Wednesday, September 06, 2006

Fire Fighter or Fire Starter?

I just finished a presentation today for our local Chamber of Commerce and from the feedback we got, it seems it was very well received. I'm curious about other people's responses to the topic, so please feel free to join in.

The title of the presentation was "Are You A Fire Fighter or a Fire Starter? Ideas For Bringing the Spark to Work." The title kind of gives away the intent for the presentation, which is to give participants a new way to think of their roles within their organizations, whether as leaders, managers, employees, or anything in between.

I found it interesting to think about the ways we use terms related to "FIRE" at work. We want people to be "FIRED" up, but if they're too fired up, we "FIRE" them. When we get thrown into a new situation without proper instruction, we say we undergo a trial by “FIRE.” We’re supposed to be cautious even in relationships, whether at work or outside of work, so we don’t get “BURNED.”

Is it any wonder that as bosses and managers we find most of our time spent on putting out fires? We’ve been conditioned to keep things manageable … to promote the status quo, where we think we may have some semblance of control.

But when we have a few moments to think about what’s going on in those organizations we’ve so carefully tended, we might find there is very little spark there. Like a dry forest, a “dry” workplace can cause workers to be cautious about any new idea that might “spark” something beyond the status quo.

If we find that we've become conditioned to be fire fighters, we may find that we are instinctively looking for ways to douse the spark of ideas and passion at work. If we have spark, we may have fire … and the fire may burn out of control. But if we’re so focused on putting out fires before they become blazes, we may be missing the best opportunity to engage others in bringing their ideas and creativity to work.

Fire Fighters at work might find themselves in one of the following categories:
Fire Drill Sergeants: those who plan for the worst and look for it at every turn. Their motto might be “better safe than sorry.”
Wet Blankets – those who douse the fun by slowly killing the joy – “Well sure you could do it that way, but wouldn’t you really rather go the tried and true route?”
Flame Retardants – those who make it very difficult to sustain a spark and fan the flame because they just know it won’t work. “We tried that once back in ’85 – remember what a disaster that was?”
Fire Extinguishers – those whose job it is to squelch any activity that might lead to a new idea. “That’s not the way we do it around here.”
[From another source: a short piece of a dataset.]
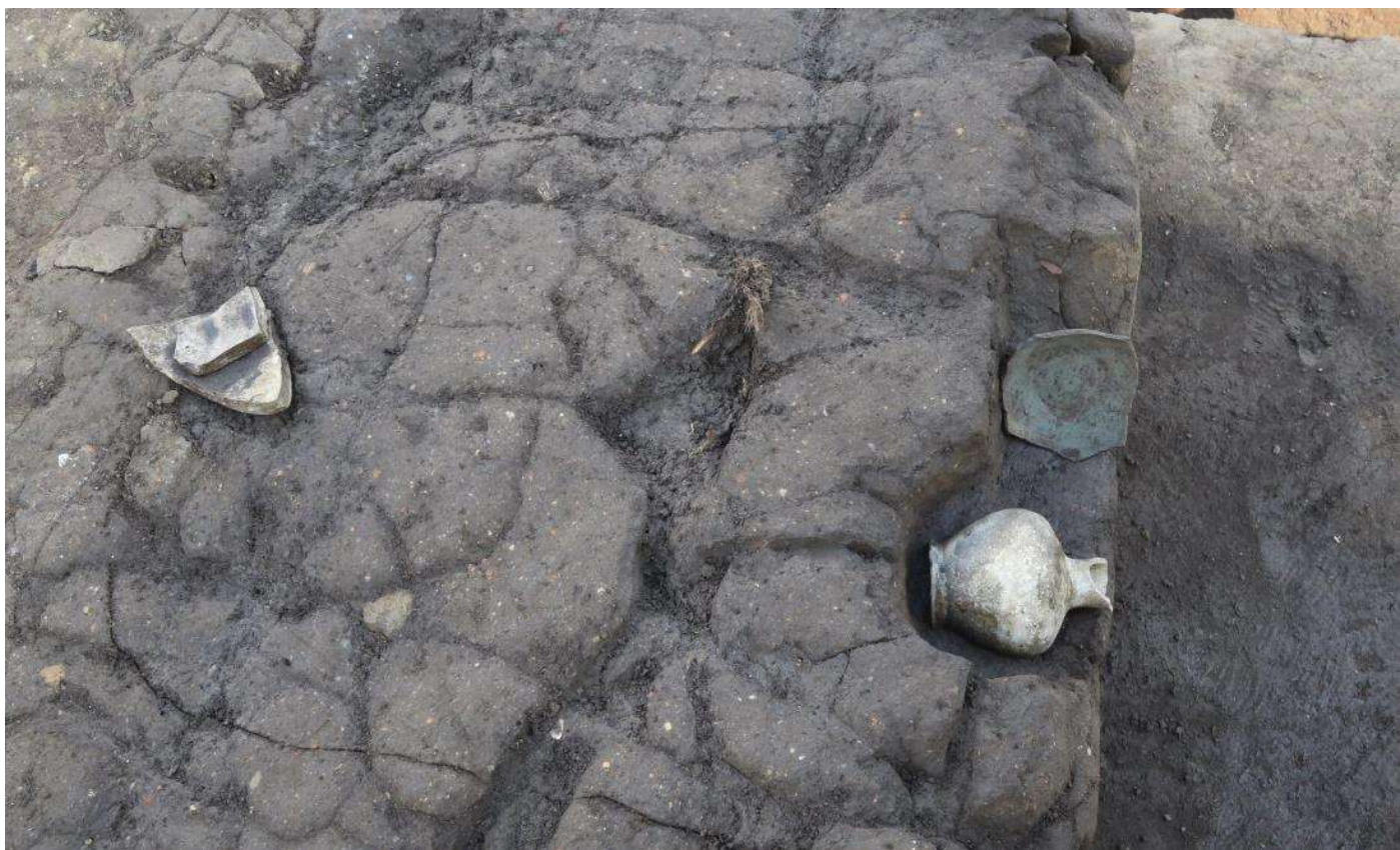
遺物出土状況（奈良時代から平安時代の壺や坏）

Of course, we do have two kinds of Fire Starters, too. The Sparklers, who provide the positive energy; and the Arsonists, who provoke gossip and stir the pot, not always in a positive way. The biggest distinction between these two is intention.

Quint Studer points out that in the earliest civilizations, Fire Starters were people who kept the flame alive. This was important, because if they were successful, the people lived. If they weren’t, the people died. Fire Starters make a difference. They are keepers of the flame. They fan the flame. They burn bright and carry the flame (or carry the torch). Fire Starters feel a connection with their purpose, they do worthwhile work, and make a difference regardless of their status. The find themselves inspired from within, not motivated from outside.

This video provided me some great inspiration as I prepared the presentation today. Even though we didn't start the fire, the fire does go on and on.

What do you think? Fire Fighter or Fire Starter? How might we support each other in keeping the sparks alive without creating a blow torch effect (as someone asked during today's session)? I'd love to hear your comments!